Published in final edited form as: J Matern Fetal Neonatal Med. 2019 Feb 7;33(19):3318–3323. doi: 10.1080/14767058.2019.1571575

Exposure to Group B Streptococcal Antibiotic Prophylaxis and Early Childhood Body Mass Index in a Vaginal Birth Cohort

Torri D Metz 1, Jennifer McKinney 2, Amanda A Allshouse 3, Shanna Doucette Knierim 2,4, J Christopher Carey 2,4, Kent D Heyborne 2,4
PMCID: PMC6957762  NIHMSID: NIHMS1065777  PMID: 30651010

Abstract

Objective:

Perinatal antibiotic exposure may be associated with changes in both early infancy gut microbiota and later childhood obesity. Our objective was to evaluate if Group B Streptococcus (GBS) antibiotic prophylaxis is associated with higher body mass index (BMI) in early childhood.

Methods:

Retrospective cohort study of mother/child dyads in a single hospital system over a 6-year period. All women with term, singleton, vertex, vaginal deliveries who received no antibiotics or received antibiotics only for GBS prophylaxis and whose children had BMIs available at 2–5 years of age were included. Children were divided into three groups for comparison: children born to GBS positive mothers that received antibiotics solely for GBS prophylaxis, children born to GBS negative women that received no antibiotics (healthy controls), and children born to GBS positive mothers who received no antibiotics. The primary outcome was the earliest available child BMI Z-score at 2–5 years of age. Multivariable linear regression was used to estimate differences in child BMI Z-scores between groups, adjusted for maternal BMI, age, race, parity, tobacco use, and child birthweight.

Results:

Of 4825 women, 786 (16.3%) were GBS positive and received prophylactic antibiotics, 3916 (81.2%) were GBS negative and received no antibiotics, and 123 (2.5%) were GBS positive but received no antibiotics. Childhood BMI Z-scores were similar between children exposed to intrapartum GBS prophylaxis and healthy controls who were unexposed in both unadjusted (mean (SE), 0.04 (0.04) versus −0.3 (0.02), p=0.11) and adjusted (0.01 (0.05) versus −0.04 (0.03), p=0.3) models.

Conclusions:

Exposure to intrapartum antibiotic prophylaxis for GBS was not associated with higher early childhood BMI Z-scores compared to healthy controls.

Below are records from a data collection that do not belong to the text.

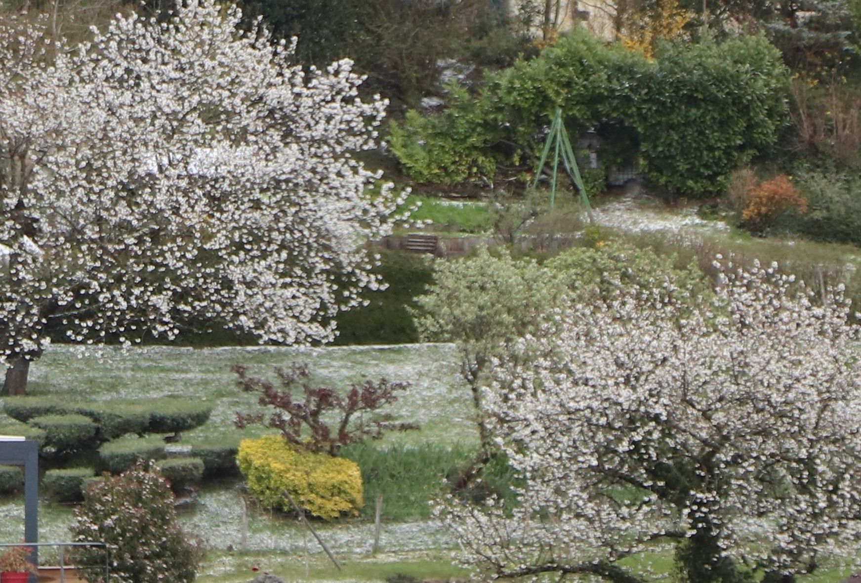 14-15 mars.- L’hiver arrive enfin ! Le froid et (au moins en altitude) la neige s’invitent en week-end. Certes, les giboulées de mars nous réservent toujours de petites surprises. Mais cette année, ça arrive après une période de grande douceur et de floraisons tous azimuts. Froid, gels et neige encore plus présents dix jours plus tard. La végétation et notamment les arbres fruitiers n’aiment pas trop les gelées tardives, encore moins les printemps précoces. Verdict au moment des récoltes…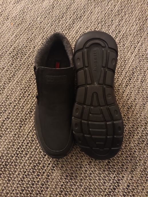 Prodajem Bugatti muške cipele u crnoj boji, veličina 43. Radi se o slip-on modelu s decentnim detaljima i udobnim đonom. Cipele su nove, bez etikete. Gornji dio je tamne boje s decentnim šavovima, a đon je fleksibilan s Bugatti oznakama.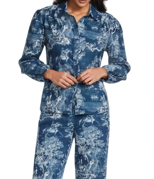 Reba Magnolia Coordinating Woven Voile Cowboy Toile Print Point Collar Long Sleeve Shirt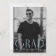 Faire-part de graduation simple avec la photo verticale du diplômé avec "Grad" affichée en lettres bleu clair, art déco moderne. Personnalisez l'avant du faire-part de remise de diplômes en photo unique en ajoutant le nom du diplômé, son école et son année d'études. La faire-part s'inverse pour afficher un design tourbillon géométrique bleu ciel et blanc.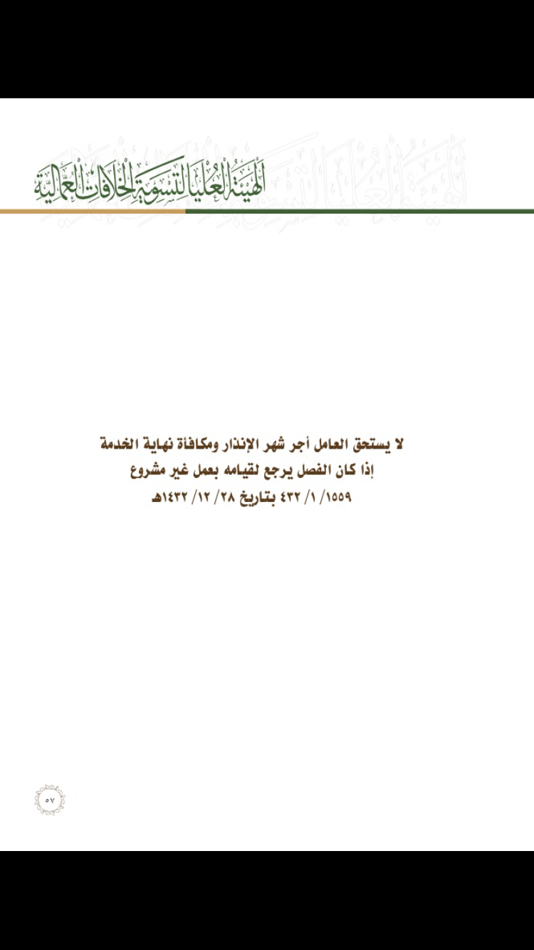 لايستحق العامل أجر شهر الإنذار ومكافاة نهاية الخدمة إذا كان الفصل يرجع لقيامه بعمل غير مشروع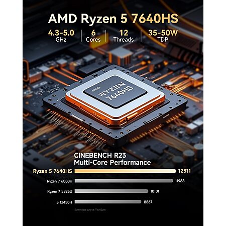 GMKtec M6 Ultra Gaming Mini PC Ryzen 7640HS (Upgraded 6600H/ 6800U), 32GB RAM DDR5 1TB SSD Dual NIC LAN 2.5GbE Desktop Computers Office Home, Triple 4K Display $389.98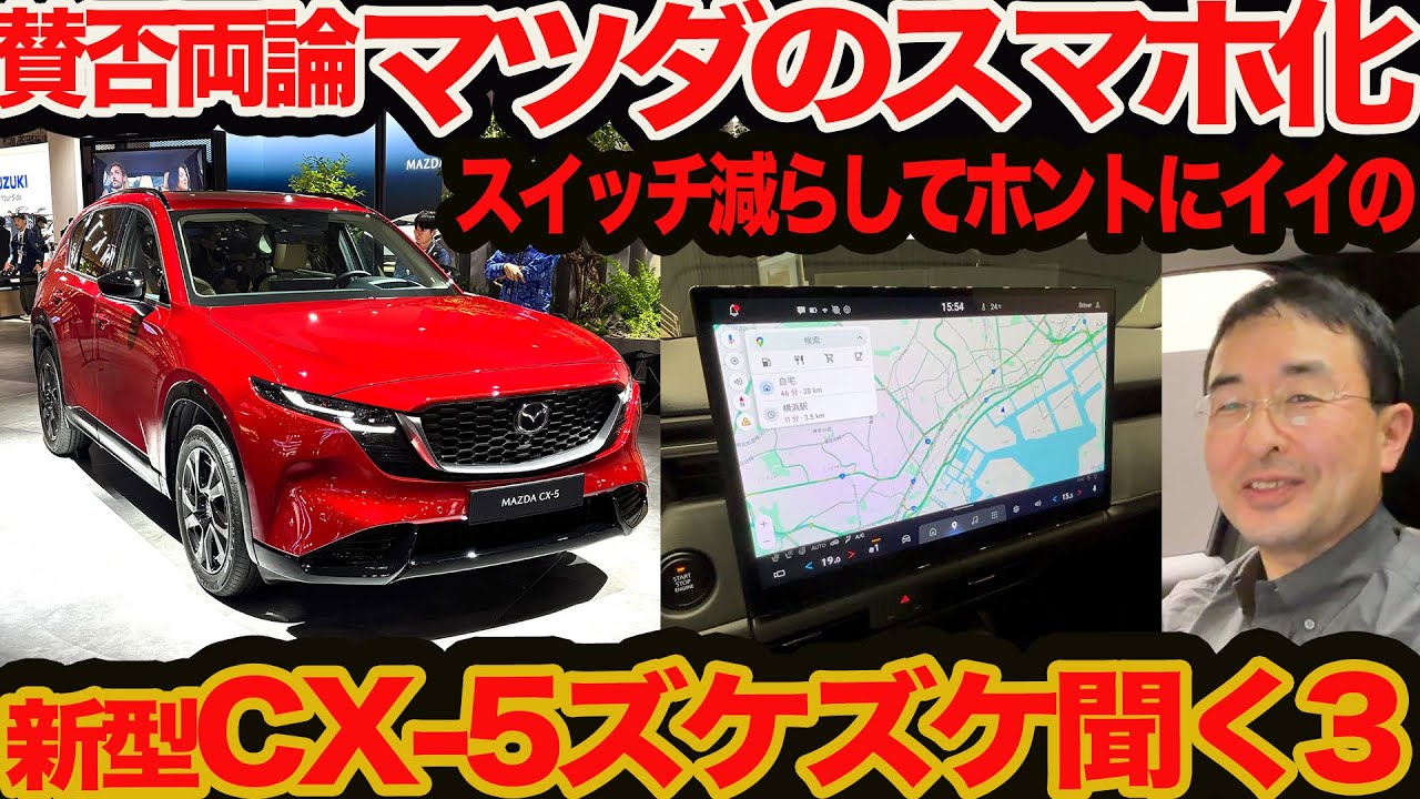新型CX-5ズケズケ聞く クルマのスマホ化編 遂にエアコンメカSWを減らして15.6インチディスプレイ化! マツダがテスラを追ってどうする? OTAもやるってホント? なぜみんなグーグルなの?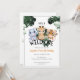 Convite de festas de safari divertido, com o tema do primeiro aniversario, com vegetação tropical e animais da selva fofinha (tigre, girafa e hipopótamo). Este modelo de aniversário é muito fácil de personalizar! Veja esta coleção divertida de temas safari para tornar inesquecível a sua festa!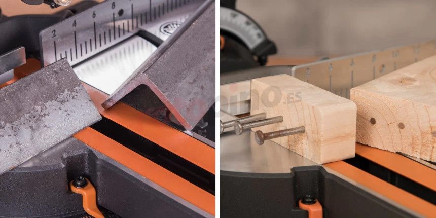 - Capacidad máxima de corte a 45° (en ángulo) / 45° (en ángulo): 210×38 mm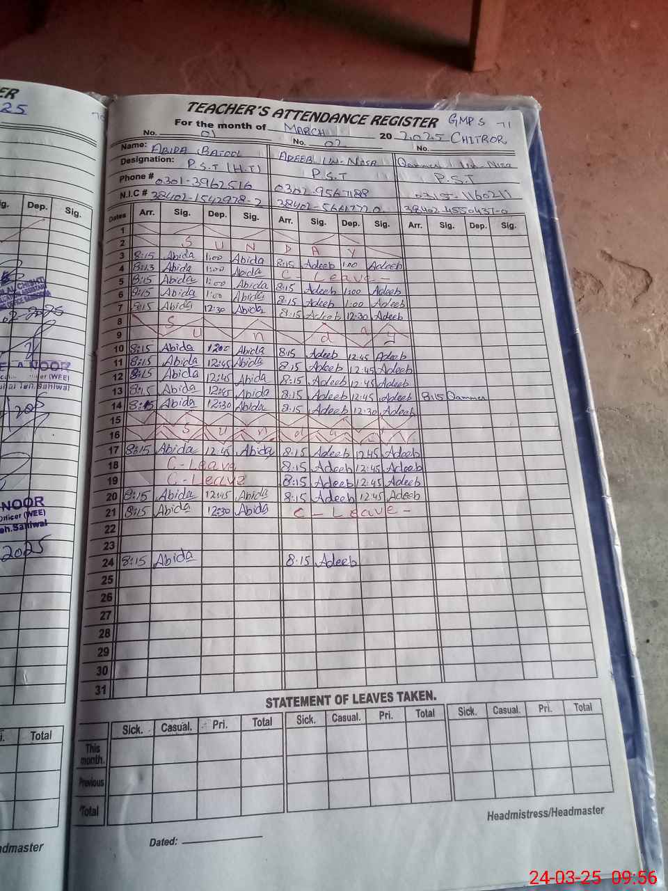 | Name: AA**** BA**** Designation: (School Headmaster's/Headmistress's) PST Phone/Cell Number: 03**** |

Keywords: microbiome, antibiotics, intrapartum, Group B Streptococcus, obesity

Introduction

Establishment of the intestinal microbiome in newborns starts in utero and can be impacted by antibiotic exposure.1,2 Ante- and postnatal antibiotics have been associated with changes in the gut microbiome.3,4 Some changes in composition are transient, while others persist long term.24

The microbiome is essential in determining energy extraction from food and plays a central role in metabolic pathways.2 Animal studies clearly show a direct effect of early antibiotic therapy on gene expression in key metabolic processes and overall adiposity.5 Human studies have demonstrated differential composition of intestinal microbiomes in over- versus normal-weight adult women6,7 and children.4,8,9 Further, in large cohort studies, early antibiotic use is associated with more frequent childhood obesity, especially in boys.4,1016

Intrapartum antibiotic exposure is associated with changes in infant fecal microbiota, with decreased quantities and diversity of actinobacteria and bifidobacteria, and an overabundance of proteobacteria.1720 While it is known that gut microbiome composition is affected by antepartum and early childhood antibiotics, and that microbiota have a significant effect on metabolism and obesity, it is not clear if intrapartum antibiotics are associated with childhood obesity.

We studied the impact of intrapartum antibiotic prophylaxis for GBS as it is not confounded by acute infection illness, is common, and because intrapartum antibiotic prophylaxis is the standard of care based on Centers for Disease Control and Prevention guidelines. The purpose of this study is to evaluate if intrapartum GBS prophylaxis is related to higher early childhood BMI Z-score, both overall and by neonatal sex.

Materials and Methods

This was a retrospective cohort study of all maternal/child dyads delivered at Denver Health Hospital (a large safety net hospital for the city and county of Denver) between January 1, 2008 and December 31, 2013. All women with vaginal deliveries of term (37 weeks 0 days to 41 weeks 6 days), liveborn, vertex, singletons were considered for inclusion. Dyads were excluded if there was no maternal GBS culture result available, or if the child did not have a BMI in the Denver Health system at 2–5 years of age, as this was the primary endpoint. This study was approved by the Colorado Multiple Institutional Review Board.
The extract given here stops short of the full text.